* _ABOUT THIS TASK_:
Beginning with the line containing "切り餅を5mm角に切り、オーブンシートをしいた天板に広げ160℃のオーブンで15分焼く。 | |" and going on through the line containing "अडाणी ग्रुप की", the lines below are to be returned exactly, pictures excluded and nothing added.

* _RECORDS SUPPLIED_:
##########

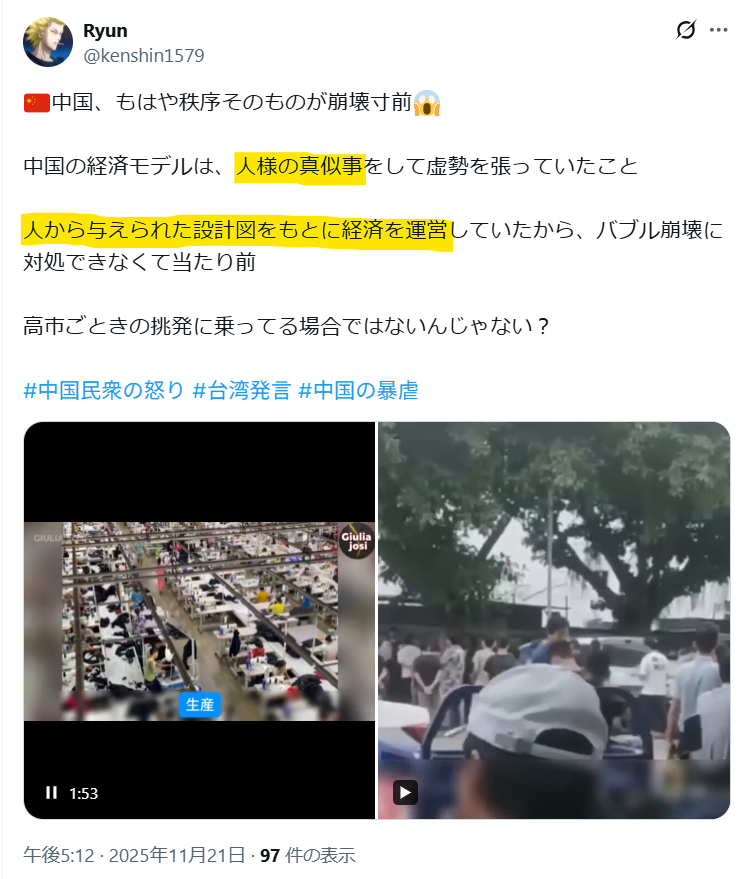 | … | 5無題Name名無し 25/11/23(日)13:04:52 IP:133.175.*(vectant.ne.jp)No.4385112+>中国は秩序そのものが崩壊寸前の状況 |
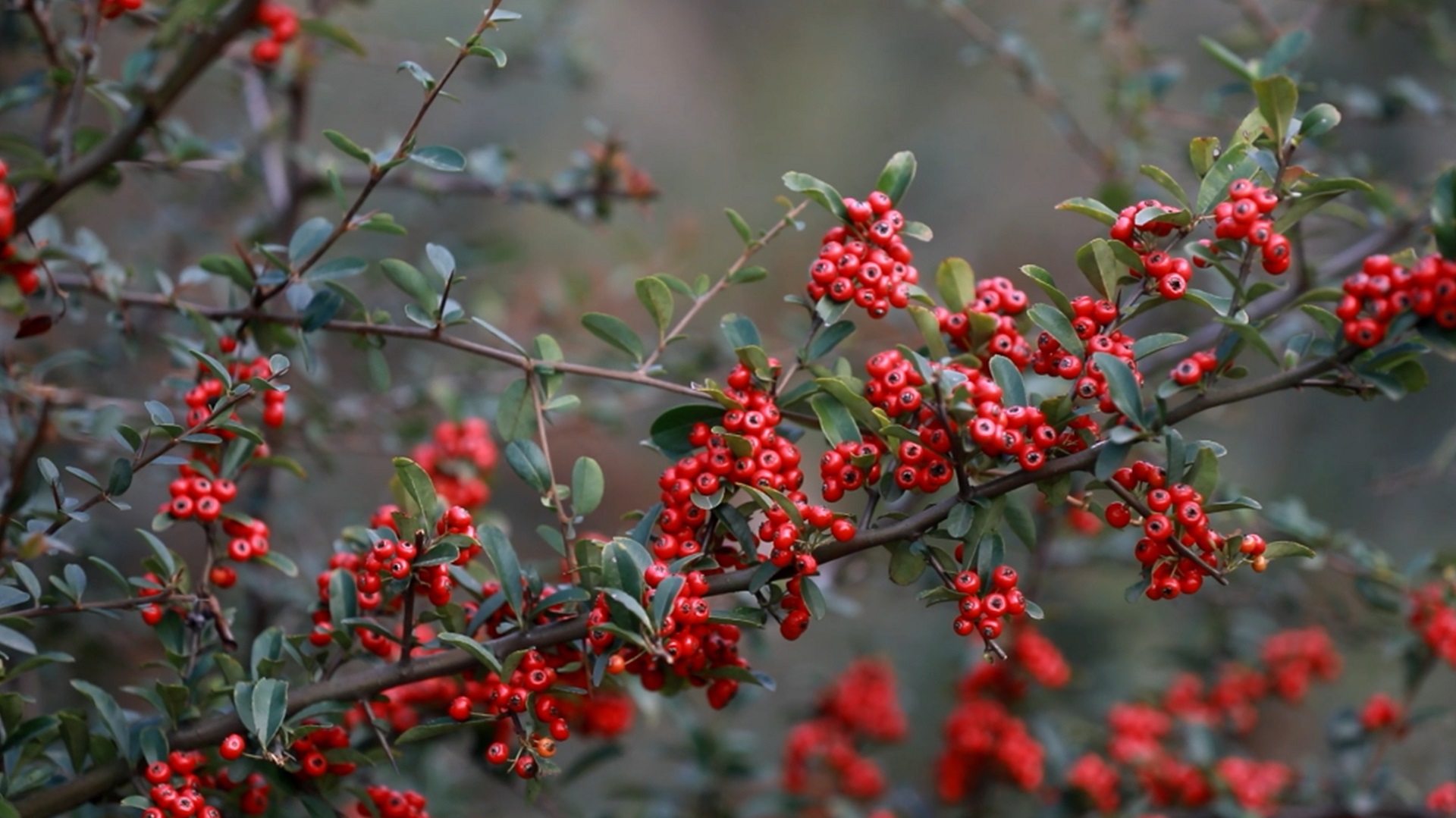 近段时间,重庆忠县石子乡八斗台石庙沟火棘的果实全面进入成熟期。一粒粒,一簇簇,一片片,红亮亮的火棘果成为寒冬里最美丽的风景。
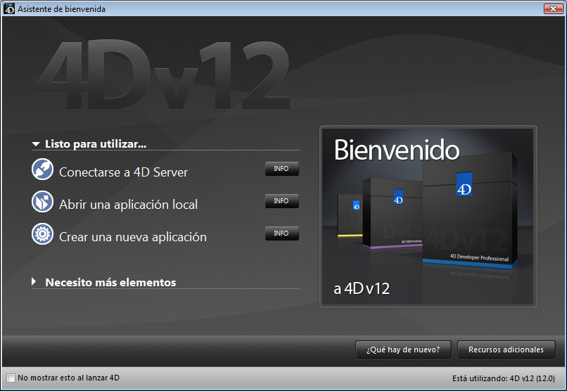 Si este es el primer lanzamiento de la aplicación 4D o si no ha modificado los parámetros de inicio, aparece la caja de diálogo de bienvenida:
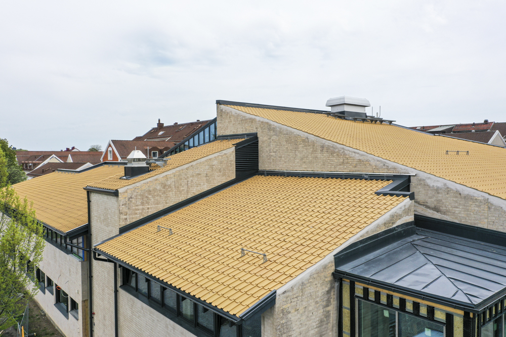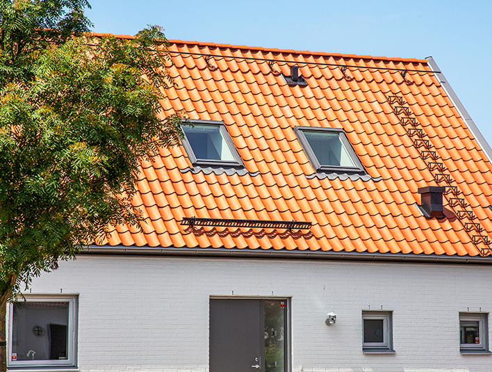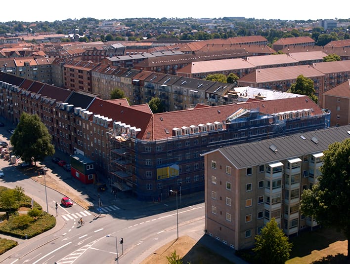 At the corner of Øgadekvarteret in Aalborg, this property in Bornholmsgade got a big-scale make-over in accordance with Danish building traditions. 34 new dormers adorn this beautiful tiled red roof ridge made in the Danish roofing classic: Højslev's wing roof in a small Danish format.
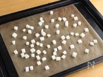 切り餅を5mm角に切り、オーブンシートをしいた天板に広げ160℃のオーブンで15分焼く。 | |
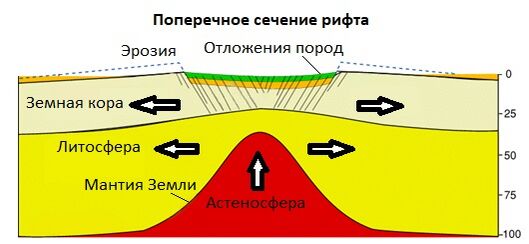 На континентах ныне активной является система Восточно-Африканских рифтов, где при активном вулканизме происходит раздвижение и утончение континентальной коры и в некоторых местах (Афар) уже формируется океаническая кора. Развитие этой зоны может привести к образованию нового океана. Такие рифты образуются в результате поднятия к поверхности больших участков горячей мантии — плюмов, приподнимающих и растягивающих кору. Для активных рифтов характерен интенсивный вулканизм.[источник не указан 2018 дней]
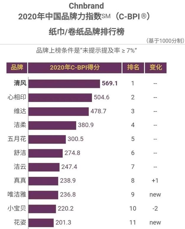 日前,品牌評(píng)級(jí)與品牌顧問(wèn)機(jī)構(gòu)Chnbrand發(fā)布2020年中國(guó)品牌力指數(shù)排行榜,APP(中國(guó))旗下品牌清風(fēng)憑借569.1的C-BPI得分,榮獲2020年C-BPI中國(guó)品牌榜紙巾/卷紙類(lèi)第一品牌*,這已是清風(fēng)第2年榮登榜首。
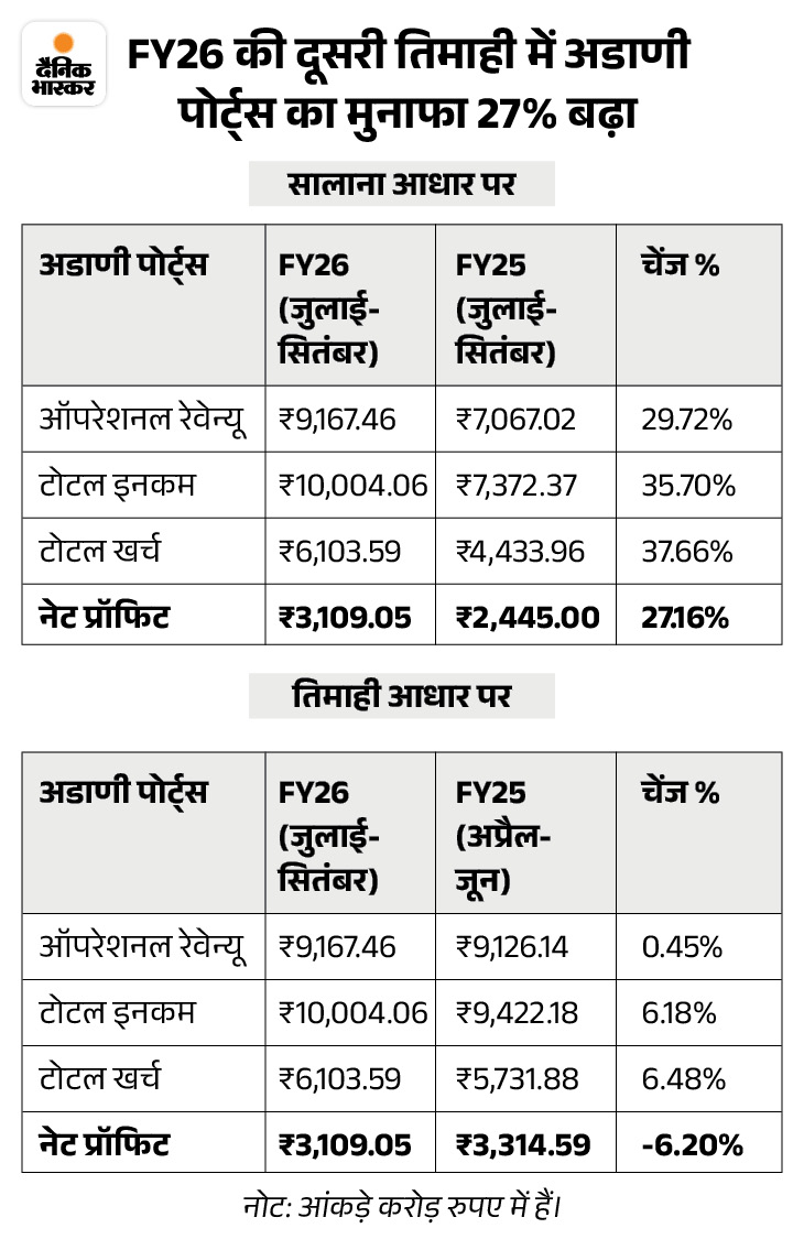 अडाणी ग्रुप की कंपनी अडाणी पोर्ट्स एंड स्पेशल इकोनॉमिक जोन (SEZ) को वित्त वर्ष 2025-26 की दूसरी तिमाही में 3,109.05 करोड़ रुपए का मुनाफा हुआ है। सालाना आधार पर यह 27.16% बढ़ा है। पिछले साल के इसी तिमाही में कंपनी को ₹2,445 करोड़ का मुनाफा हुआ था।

##########

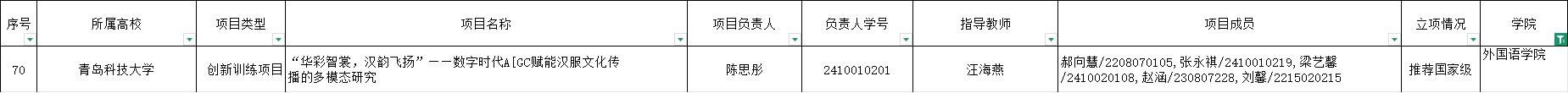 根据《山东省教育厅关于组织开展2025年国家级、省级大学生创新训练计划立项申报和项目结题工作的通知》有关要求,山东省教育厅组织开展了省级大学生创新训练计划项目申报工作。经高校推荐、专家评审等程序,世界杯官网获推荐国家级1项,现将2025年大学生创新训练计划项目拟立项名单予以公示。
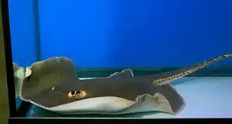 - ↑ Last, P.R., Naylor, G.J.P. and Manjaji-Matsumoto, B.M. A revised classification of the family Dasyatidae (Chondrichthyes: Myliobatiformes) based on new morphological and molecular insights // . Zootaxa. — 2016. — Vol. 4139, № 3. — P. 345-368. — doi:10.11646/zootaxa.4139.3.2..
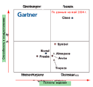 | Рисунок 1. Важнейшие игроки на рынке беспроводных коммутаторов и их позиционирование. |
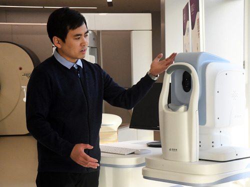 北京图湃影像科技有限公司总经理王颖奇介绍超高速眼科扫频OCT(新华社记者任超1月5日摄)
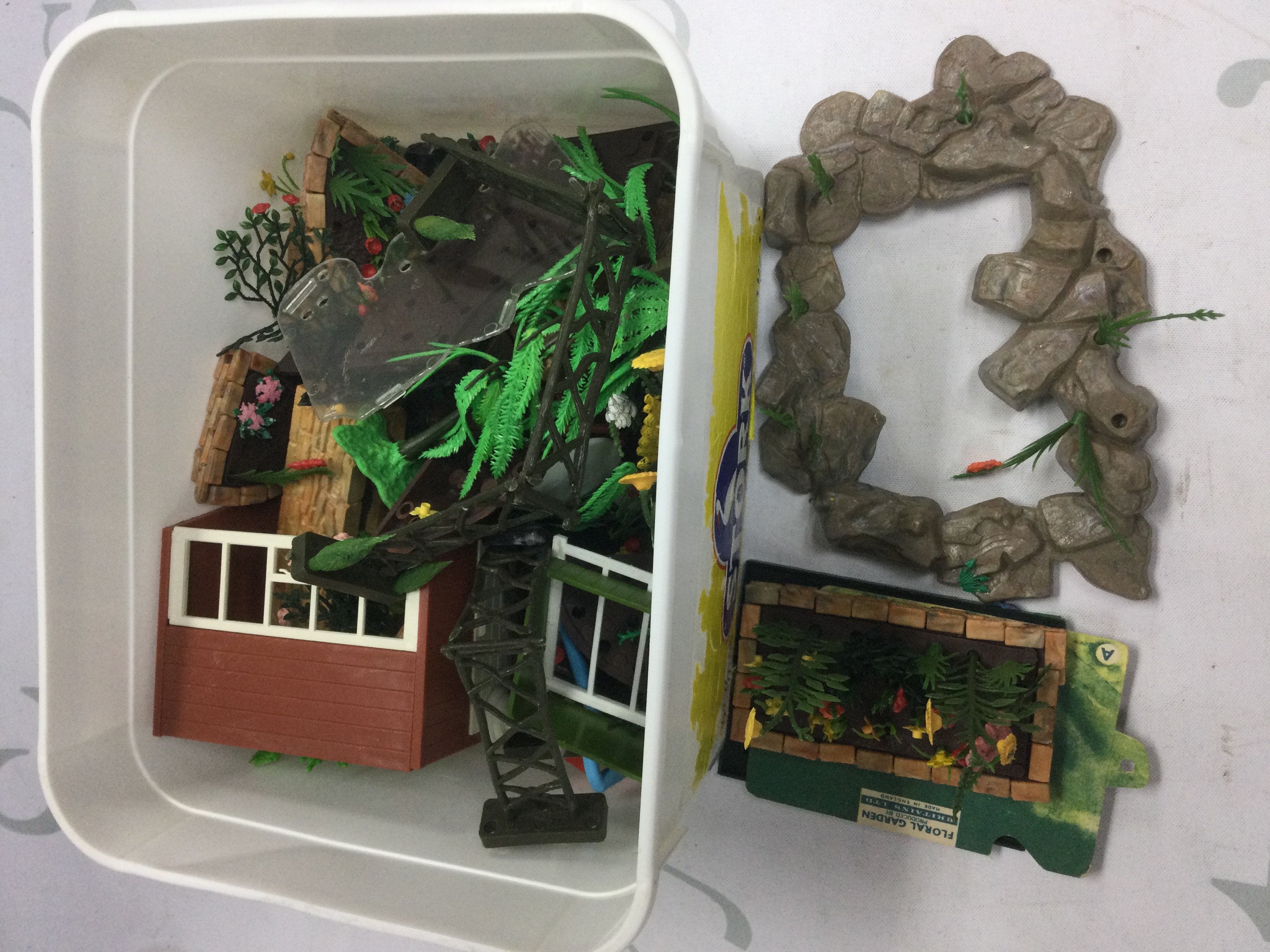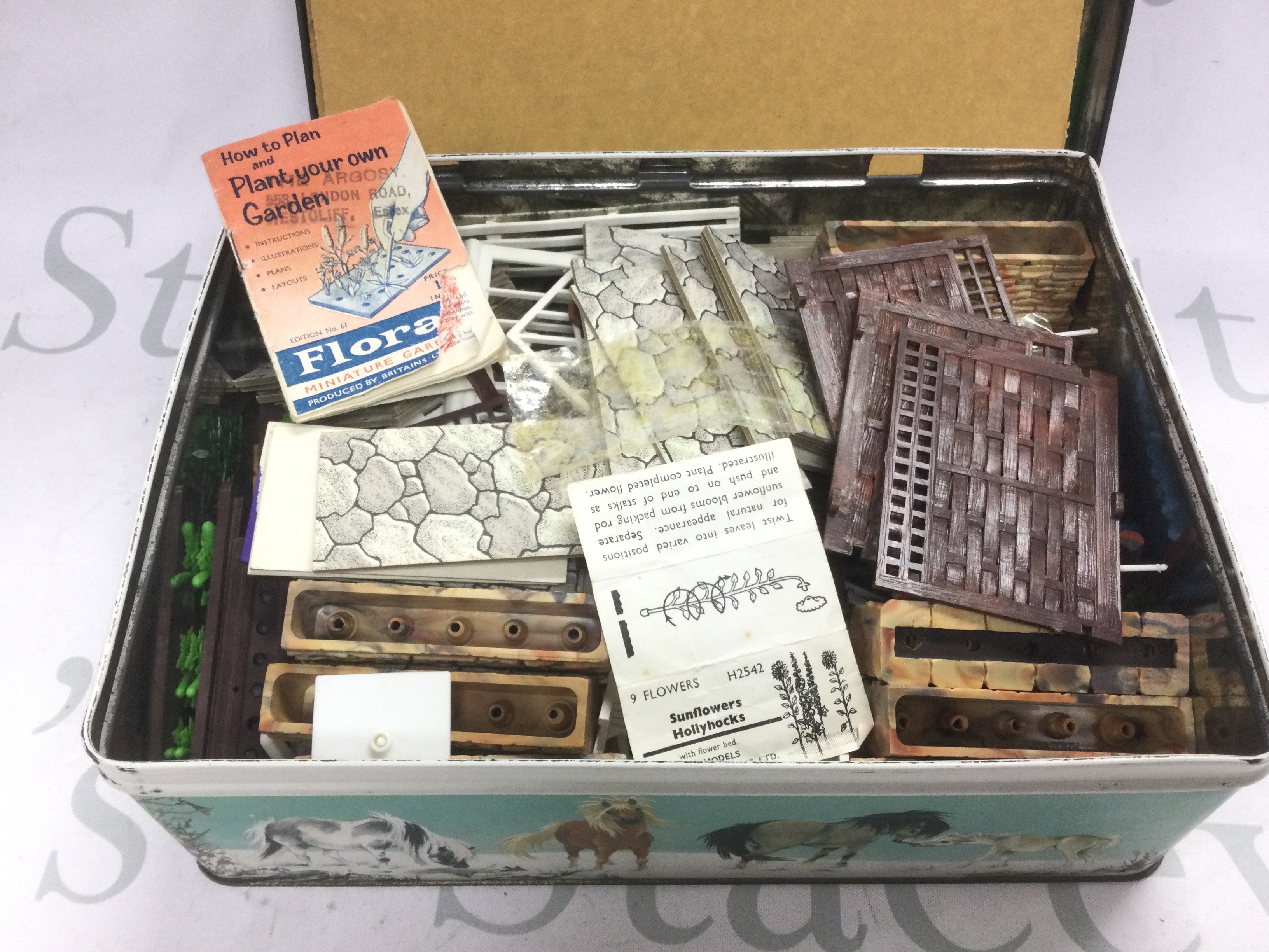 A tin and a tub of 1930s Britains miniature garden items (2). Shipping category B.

##########

* _ANSWER SECTION_:
 切り餅を5mm角に切り、オーブンシートをしいた天板に広げ160℃のオーブンで15分焼く。 | |
 На континентах ныне активной является система Восточно-Африканских рифтов, где при активном вулканизме происходит раздвижение и утончение континентальной коры и в некоторых местах (Афар) уже формируется океаническая кора. Развитие этой зоны может привести к образованию нового океана. Такие рифты образуются в результате поднятия к поверхности больших участков горячей мантии — плюмов, приподнимающих и растягивающих кору. Для активных рифтов характерен интенсивный вулканизм.[источник не указан 2018 дней]
 日前,品牌評(píng)級(jí)與品牌顧問(wèn)機(jī)構(gòu)Chnbrand發(fā)布2020年中國(guó)品牌力指數(shù)排行榜,APP(中國(guó))旗下品牌清風(fēng)憑借569.1的C-BPI得分,榮獲2020年C-BPI中國(guó)品牌榜紙巾/卷紙類(lèi)第一品牌*,這已是清風(fēng)第2年榮登榜首。
 अडाणी ग्रुप की कंपनी अडाणी पोर्ट्स एंड स्पेशल इकोनॉमिक जोन (SEZ) को वित्त वर्ष 2025-26 की दूसरी तिमाही में 3,109.05 करोड़ रुपए का मुनाफा हुआ है। सालाना आधार पर यह 27.16% बढ़ा है। पिछले साल के इसी तिमाही में कंपनी को ₹2,445 करोड़ का मुनाफा हुआ था।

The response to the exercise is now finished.